Since then I’ve read many books about Lincoln and visited his supposed birthplace, the reconstruction of the cabin in which he spent much of his boyhood, his home and law office in Springfield, the Soldiers’ Home where he escaped the heat of the summer during the Civil War, Ford’s Theater and the house where he died, and his tomb. We’ve made great efforts to feel close to and understand this unique man.

The poor boy growing up in the woods became one of the most complex, inspiring, brilliant men in all history. He embodies the universal dream of rags to power. Yet he remains unique in what he suffered, what he accomplished, and what he said.

On Lincoln’s birthday in my one-room school, we would cut out his silhouette and read the Gettysburg Address. Reading his words is still a great way to remember him. 

—Carolyn Mulford

January 20, 2009

Inaugurating a new era

Today, with the inauguration of President Barack Obama, we entered a new era in American history. We face many challenges, but that’s nothing new.
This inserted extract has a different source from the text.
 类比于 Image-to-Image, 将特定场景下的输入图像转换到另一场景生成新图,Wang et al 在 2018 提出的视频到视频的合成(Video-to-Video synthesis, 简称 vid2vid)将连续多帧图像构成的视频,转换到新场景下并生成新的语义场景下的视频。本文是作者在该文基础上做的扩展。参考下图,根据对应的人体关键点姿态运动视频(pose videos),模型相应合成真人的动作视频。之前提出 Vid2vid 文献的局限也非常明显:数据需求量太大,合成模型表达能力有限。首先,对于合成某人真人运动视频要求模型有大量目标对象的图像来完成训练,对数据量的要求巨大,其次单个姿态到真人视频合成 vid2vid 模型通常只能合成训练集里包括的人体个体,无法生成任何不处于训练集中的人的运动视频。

What’s new is the generation, race, and outlook of our new leader.

When he spoke, hope resounded from the Capitol to the Lincoln Monument today, and all around the world.

Sixty years ago today the inauguration of President Harry Truman also marked a new period. The high school graduate, machine politician, and student of history had already made visionary decisions, including dropping a bomb terrible beyond imagination, desegregating the armed services, and initiating the Marshall Plan (officially known as the European Recovery Plan).
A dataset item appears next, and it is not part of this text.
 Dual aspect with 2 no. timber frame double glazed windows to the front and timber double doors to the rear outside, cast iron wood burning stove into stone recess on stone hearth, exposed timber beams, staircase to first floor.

I can’t say I remember the speech given January 20, 1949. We didn’t have a radio at the school to listen to the speech or a television at home to watch the first inauguration ever televised. Reading about Truman’s administration now, I can see actions that helped lead us, three generations later, to the election of a man elected because of the content of his character rather than the color of his skin.

Some of what the blunt and belligerent Truman, one of our most effective presidents, had to say was echoed in content three generations later by the eloquent and cool Obama.

Here’s a bit of what Truman said.

“Each period of our national history has had its special challenges. Those that confront us now are as momentous as any in the past. Today marks the beginning not only of a new administration, but of a period that will be eventful, perhaps decisive, for us and for the world.

“It may be our lot to experience, and in a large measure bring about, a major turning point in the long history of the human race. The first half of this century has been marked by unprecedented and brutal attacks on the rights of man, and by the two most frightful wars in history. The supreme need of our time is for men to learn to live together in peace and harmony.

“The peoples of the earth face the future with grave uncertainty, composed almost equally of great hopes and great fears. In this time of doubt, they look to the United States as never before for good will, strength, and wise leadership.” 

Plain Harry and exotic Barack—so different and so alike.